→ TASK: From the line that holds "Корзина розовых французских" to the last line below, retype everything exactly and nothing else; omit pictures.

→ SOURCE DATA:
•••
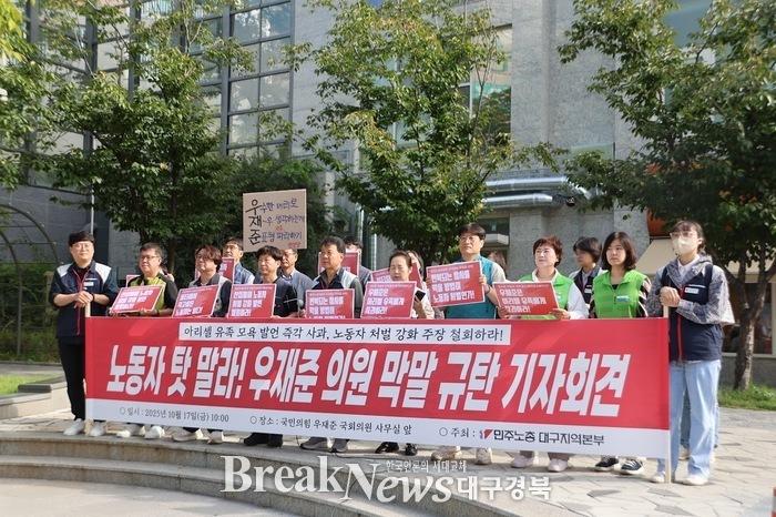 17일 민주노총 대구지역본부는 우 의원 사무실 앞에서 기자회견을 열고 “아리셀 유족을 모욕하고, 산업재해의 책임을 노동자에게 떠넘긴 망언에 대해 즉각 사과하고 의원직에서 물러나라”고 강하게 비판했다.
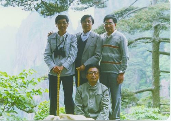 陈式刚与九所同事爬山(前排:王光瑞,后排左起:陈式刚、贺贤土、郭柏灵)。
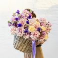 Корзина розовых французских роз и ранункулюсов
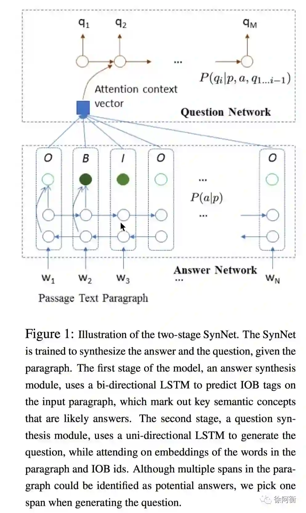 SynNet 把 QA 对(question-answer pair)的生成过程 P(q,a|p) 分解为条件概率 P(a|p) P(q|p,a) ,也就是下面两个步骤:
•••
→ EXERCISE SOLUTION:
 Корзина розовых французских роз и ранункулюсов
 SynNet 把 QA 对(question-answer pair)的生成过程 P(q,a|p) 分解为条件概率 P(a|p) P(q|p,a) ,也就是下面两个步骤:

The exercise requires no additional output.